Supplied information →
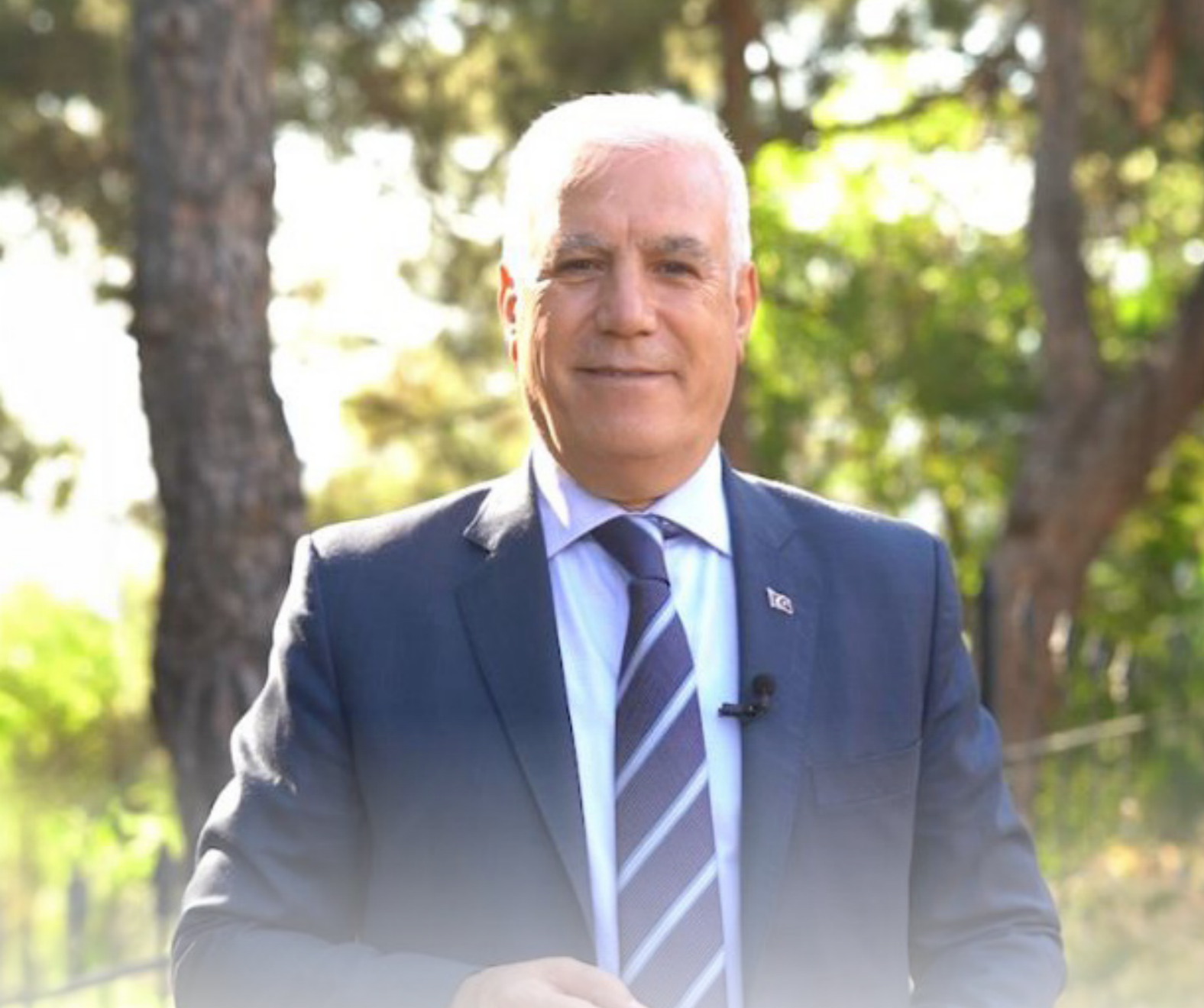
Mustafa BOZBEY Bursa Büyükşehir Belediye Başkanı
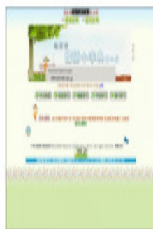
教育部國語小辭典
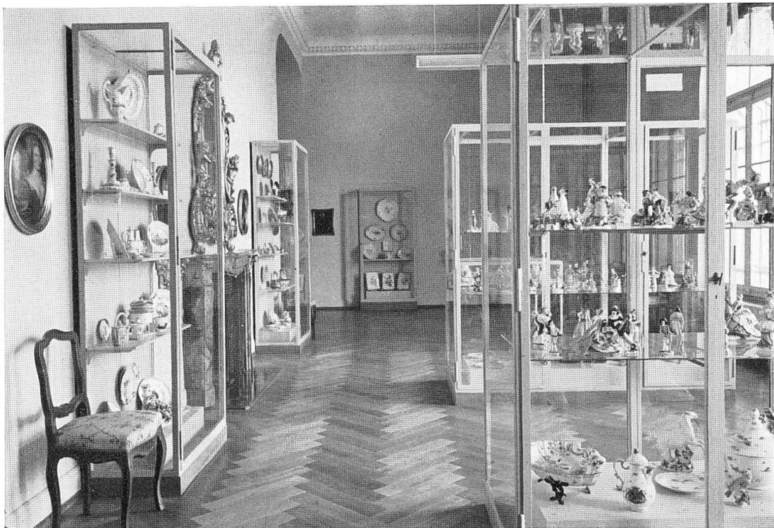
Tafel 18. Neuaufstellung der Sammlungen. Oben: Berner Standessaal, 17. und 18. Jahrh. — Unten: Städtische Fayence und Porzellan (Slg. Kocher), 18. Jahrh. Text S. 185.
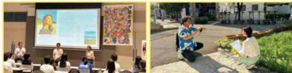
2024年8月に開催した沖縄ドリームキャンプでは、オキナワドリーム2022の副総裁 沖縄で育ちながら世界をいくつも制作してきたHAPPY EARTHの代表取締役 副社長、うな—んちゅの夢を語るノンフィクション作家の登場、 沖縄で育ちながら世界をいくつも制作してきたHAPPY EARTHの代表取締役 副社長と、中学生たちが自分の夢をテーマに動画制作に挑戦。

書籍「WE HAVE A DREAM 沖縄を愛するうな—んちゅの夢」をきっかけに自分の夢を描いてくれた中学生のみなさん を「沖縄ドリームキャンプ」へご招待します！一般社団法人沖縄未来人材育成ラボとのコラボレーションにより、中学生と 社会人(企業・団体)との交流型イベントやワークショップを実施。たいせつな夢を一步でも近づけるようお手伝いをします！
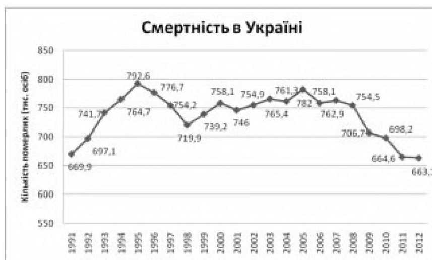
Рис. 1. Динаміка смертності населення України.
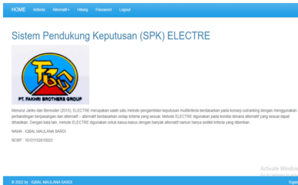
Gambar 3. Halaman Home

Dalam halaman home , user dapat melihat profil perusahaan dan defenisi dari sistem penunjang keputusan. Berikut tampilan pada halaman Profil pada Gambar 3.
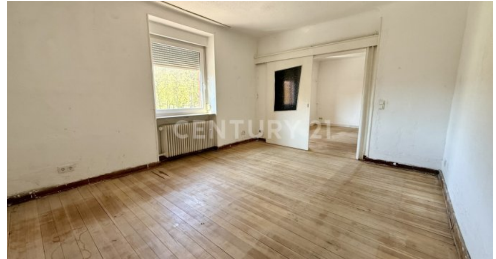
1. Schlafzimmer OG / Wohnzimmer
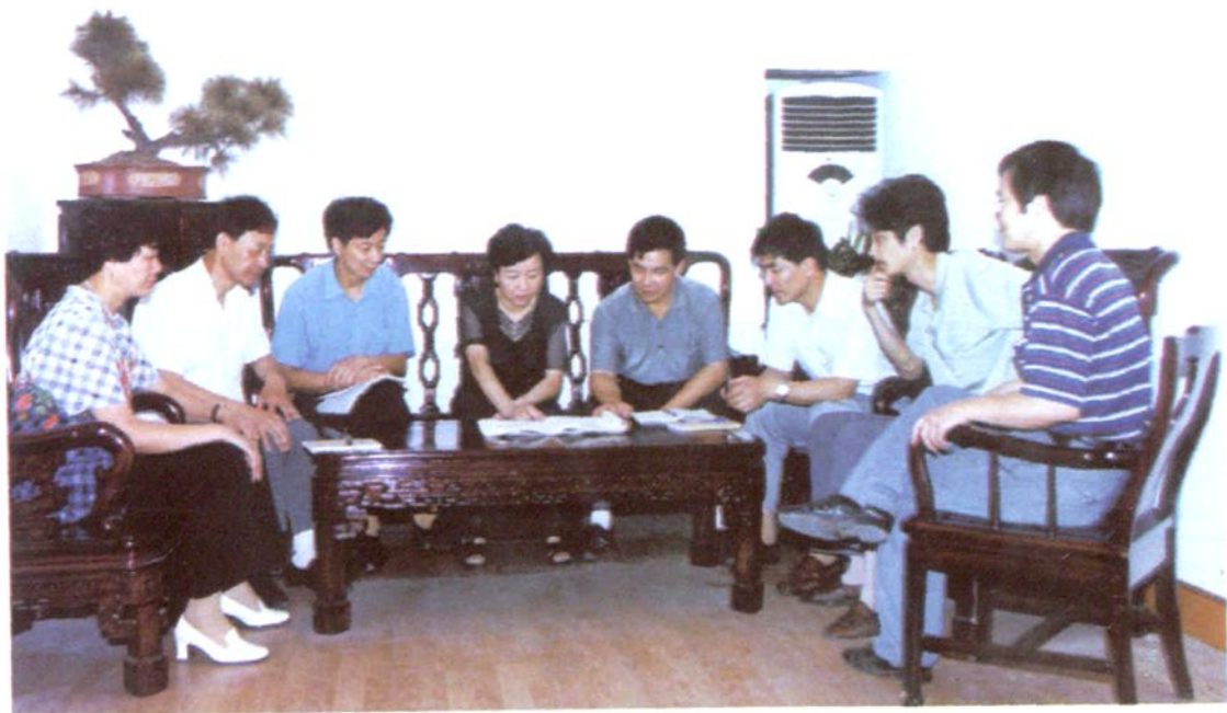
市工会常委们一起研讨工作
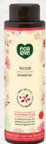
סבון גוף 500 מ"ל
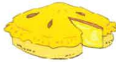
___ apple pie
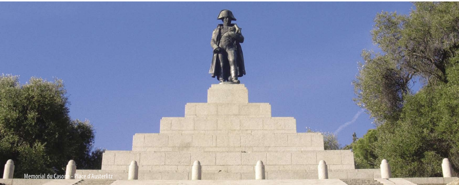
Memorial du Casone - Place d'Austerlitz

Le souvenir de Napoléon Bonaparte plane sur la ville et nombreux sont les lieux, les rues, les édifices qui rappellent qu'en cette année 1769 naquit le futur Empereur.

Your goal →
Transcribe exactly the lines that run from the first line of the records above through the line with "Tafel 18. Neuaufstellung", and include both of those lines; pictures stay out.

Response below →
Mustafa BOZBEY Bursa Büyükşehir Belediye Başkanı
教育部國語小辭典
Tafel 18. Neuaufstellung der Sammlungen. Oben: Berner Standessaal, 17. und 18. Jahrh. — Unten: Städtische Fayence und Porzellan (Slg. Kocher), 18. Jahrh. Text S. 185.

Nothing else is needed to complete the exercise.